Селямет Муслядин оглу стоял ни жив ни мертв, слушая все эти приятные обещания рассвирепевшего Апостола Ставровича Триандафилиди…

– Чтобы завтра же, мошенник, у тебя в селе не сталось в живых ни одной четвероногой собаки! Повесить всех до одной здесь же недалеко в лесу и не сметь снимать трупов, пока пристав не пересчитает, сколько всех повешено, и не донесет мне подробно!. Слышал, анафема?

– Слышу, шорбаджи, – отвечал смиренно Селямет, заранее оплакивая в душе трагическую участь своего черно-пегого дворового пса Алабаша, спасшего его однажды от волка.

– Чтоб духу собачьего не осталось!. Слышишь? И знай, что если хоть одна останется, так я ее повешу сам рядом с тобой, ослиный хвост!.

– Пусть будет так, шорбаджи.

– Смотри же, помни. Да где у вас мулла? Почему он не является?

– Я здесь, шорбаджи, – сказал спокойно Зейнадин-эфенди и сквозь расступившуюся перед ним толпу дошел к бричке.

– Ты почему же не являешься, когда начальство приезжает? – закричал на него исправник и, не давая ему сказать что-нибудь, продолжал: – Бунтовать вздумал?.

– Я молчу, ласковый шорбаджи, потому, что ты ни о чем меня не спрашиваешь; вот я и жду, пока пройдет пена.

– Какая пена? Что ты там городишь?

– Пена твоих слов. Когда буза долго стоит в бутылке на жаре, пробку вырывает, и, прежде чем польется жидкость, которую можно пить, идет одна пена!. Так и ты, шорбаджи: ты разгневался сильно и говоришь теперь такое, на что мне нечего отвечать, и я жду, пока в твоих словах польется чистый напиток.

– Поговори, поговори, старый сыч! – крикнул на него исправник. – Я и без того давно знаю, что ты хитрый плут и что ты – главный бунтарь… Я тебе дам пену, старая лисица! Это кто же сюда эту мечеть поставил? А? По чьему позволению? Поставили нарочно сюда для того, чтобы я себе об нее голову разбил?

– Кто поставил, я не знаю, – сказал мулла, – но знаю наверняка, что сюда ее поставили не для тебя, шорбаджи, потому что кости тех, кто ставил, уже давно смешались с землей; тебя же знать и иметь в виду они не могли, так как в то время едва ли был уже на свете и твой прапрадед. Я сорок лет тому назад вырезал свое имя одиннадцатым на дощечке в мечети, где записаны все муллы, славословившие в ней владыку Аллаха и его великого пророка, и, значит, мечети этой уже много более двухсот лет.

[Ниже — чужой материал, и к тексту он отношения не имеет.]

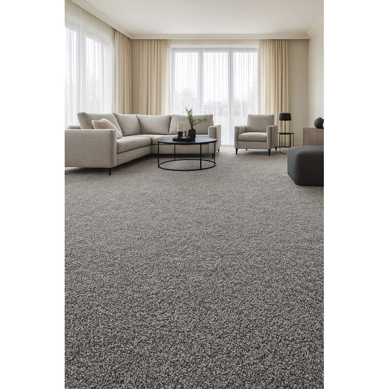 Moderní metrážový koberec z kolekce Sweet šedý navodí velmi elegantní a luxusní atmosféru u vás doma. Struktura koberce tvoří střižený vlas, který je vzájemně kroucený, to propůjčuje koberci měkkost, hebkost na dotek a díky jeho hustotě a filcovému podkladu, snižuje kročejový hluk. Tyto vlastnosti nejvíce využijete v ložnici nebo v pokojích. Koberec je...

– Ну, так вот что, сейчас же перенести эту мечеть на полверсты выше в лес, и если к следующему моему приезду она опять будет торчать здесь, то я прикажу ее развалить при себе и камнями этими засыпать тебя, кривую ворону, которая тут каркала всегда… Слышишь? Месяц сроку, знай! А теперь пошел вон и собери сейчас же всех копюрликойцев сюда, потому что я имею объявить всем строжайшее предписание высшего начальства.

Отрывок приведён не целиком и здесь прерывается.